→ TASK DESCRIPTION
The line with "Featuring a bold" marks the first line to copy, and the line with "SizeWaistSkirt length" marks the last. Transcribe that stretch of the data below exactly, without pictures.

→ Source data
______
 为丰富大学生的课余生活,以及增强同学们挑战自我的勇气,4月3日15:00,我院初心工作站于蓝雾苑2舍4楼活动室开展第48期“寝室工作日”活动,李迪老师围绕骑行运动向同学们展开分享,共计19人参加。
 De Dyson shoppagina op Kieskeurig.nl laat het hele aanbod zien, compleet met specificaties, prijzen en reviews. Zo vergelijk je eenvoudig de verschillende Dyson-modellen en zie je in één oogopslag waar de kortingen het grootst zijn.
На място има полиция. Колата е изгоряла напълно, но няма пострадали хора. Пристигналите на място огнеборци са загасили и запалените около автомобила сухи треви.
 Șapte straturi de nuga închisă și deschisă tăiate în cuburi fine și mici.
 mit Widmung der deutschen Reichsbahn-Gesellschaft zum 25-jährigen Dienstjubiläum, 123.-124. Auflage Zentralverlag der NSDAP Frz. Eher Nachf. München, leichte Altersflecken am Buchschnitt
______
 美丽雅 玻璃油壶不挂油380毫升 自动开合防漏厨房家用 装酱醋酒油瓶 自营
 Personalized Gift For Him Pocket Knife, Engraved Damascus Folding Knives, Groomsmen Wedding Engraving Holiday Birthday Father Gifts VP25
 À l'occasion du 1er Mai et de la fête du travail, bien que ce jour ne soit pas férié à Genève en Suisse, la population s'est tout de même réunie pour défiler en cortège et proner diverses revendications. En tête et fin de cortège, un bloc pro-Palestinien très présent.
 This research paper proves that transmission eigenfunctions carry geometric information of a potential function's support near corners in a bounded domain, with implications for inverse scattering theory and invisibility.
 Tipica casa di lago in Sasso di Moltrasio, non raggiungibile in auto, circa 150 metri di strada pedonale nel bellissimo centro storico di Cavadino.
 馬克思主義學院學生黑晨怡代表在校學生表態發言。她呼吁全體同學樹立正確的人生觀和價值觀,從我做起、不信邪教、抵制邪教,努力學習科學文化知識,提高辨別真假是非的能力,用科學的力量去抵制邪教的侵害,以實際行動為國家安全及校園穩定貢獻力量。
______
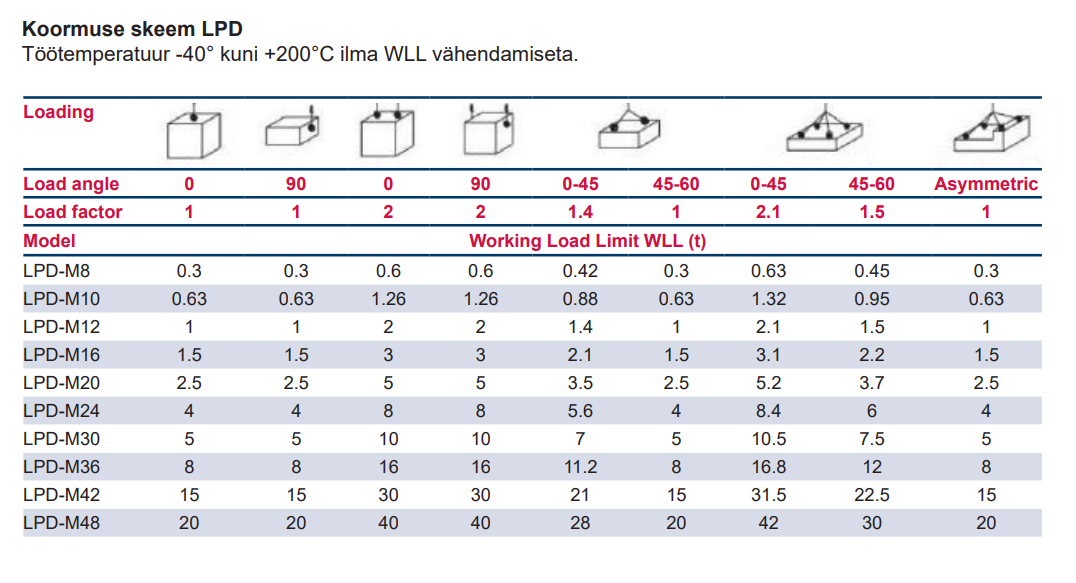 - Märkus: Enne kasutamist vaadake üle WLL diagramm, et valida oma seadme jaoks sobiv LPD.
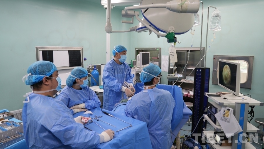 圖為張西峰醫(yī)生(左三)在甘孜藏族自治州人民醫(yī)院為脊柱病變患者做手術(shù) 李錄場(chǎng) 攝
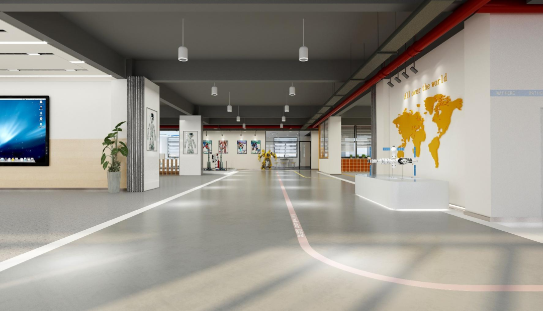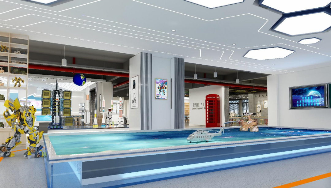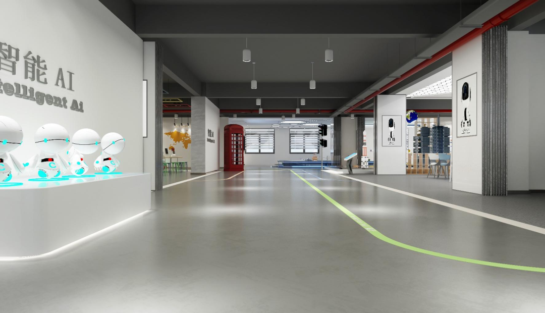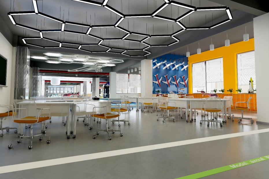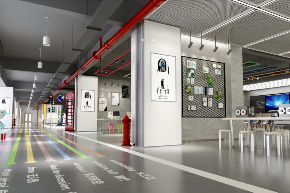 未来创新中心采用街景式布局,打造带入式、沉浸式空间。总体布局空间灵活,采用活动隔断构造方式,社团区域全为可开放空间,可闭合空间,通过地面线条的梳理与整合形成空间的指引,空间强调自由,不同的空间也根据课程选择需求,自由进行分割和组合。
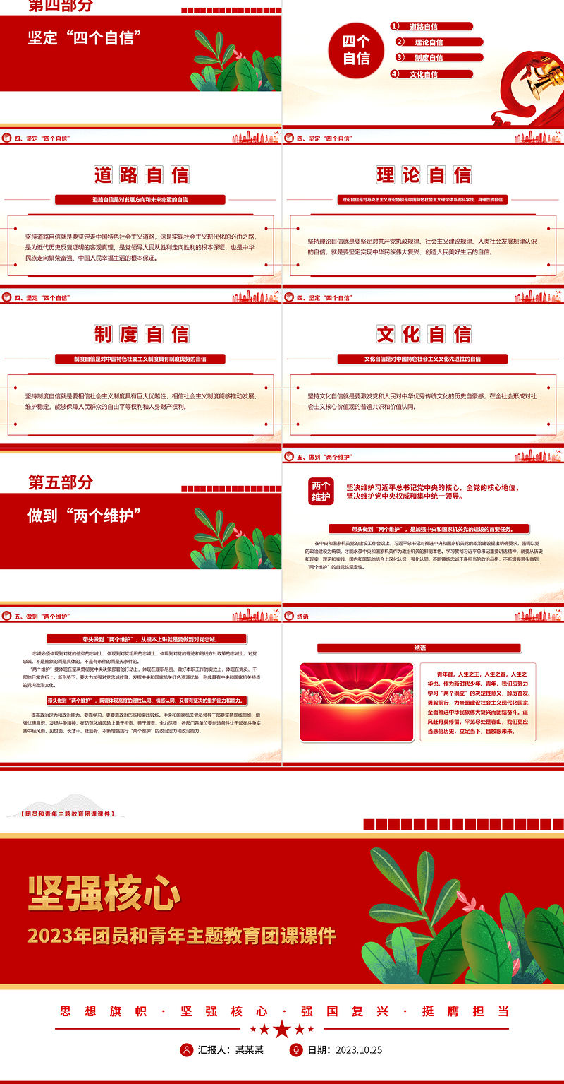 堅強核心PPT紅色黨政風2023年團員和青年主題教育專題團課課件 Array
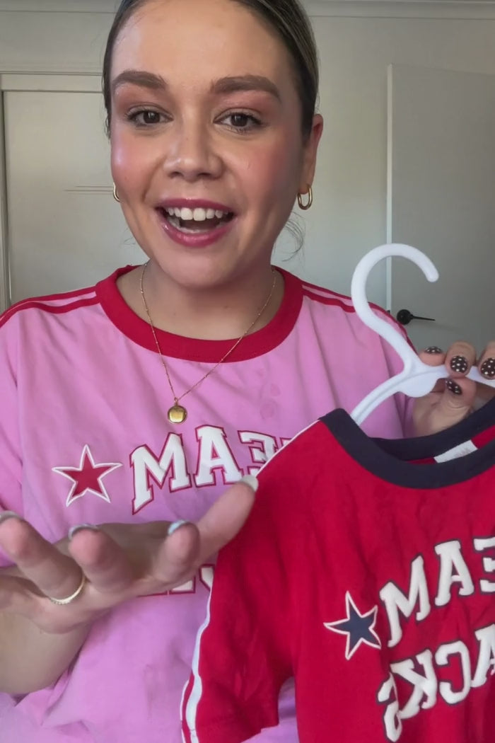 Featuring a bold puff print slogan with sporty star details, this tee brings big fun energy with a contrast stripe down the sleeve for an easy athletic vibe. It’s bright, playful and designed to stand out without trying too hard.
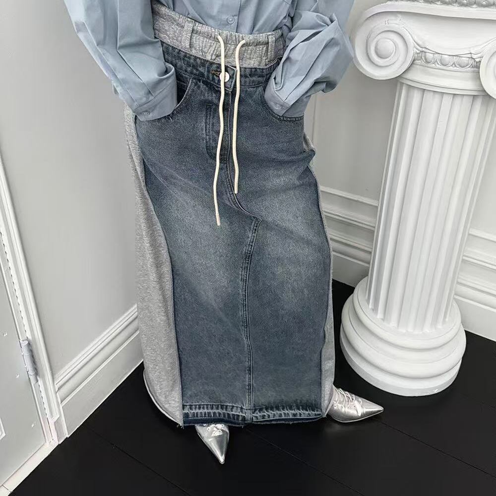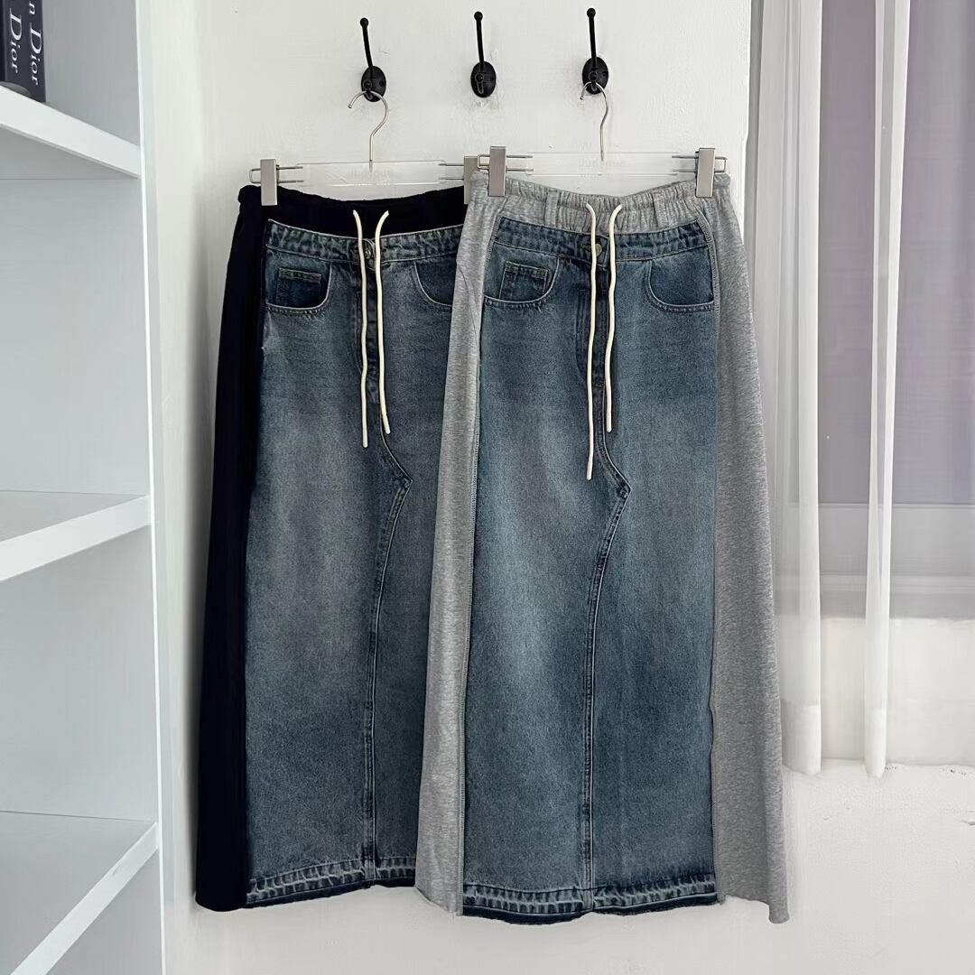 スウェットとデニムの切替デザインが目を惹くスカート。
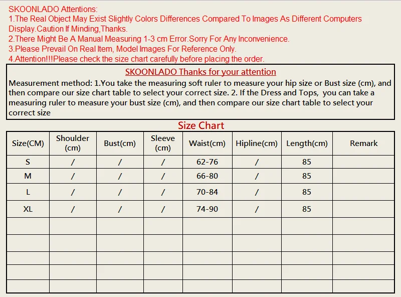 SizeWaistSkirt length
______
→ WRITTEN RESPONSE
 Featuring a bold puff print slogan with sporty star details, this tee brings big fun energy with a contrast stripe down the sleeve for an easy athletic vibe. It’s bright, playful and designed to stand out without trying too hard.
 スウェットとデニムの切替デザインが目を惹くスカート。
 SizeWaistSkirt length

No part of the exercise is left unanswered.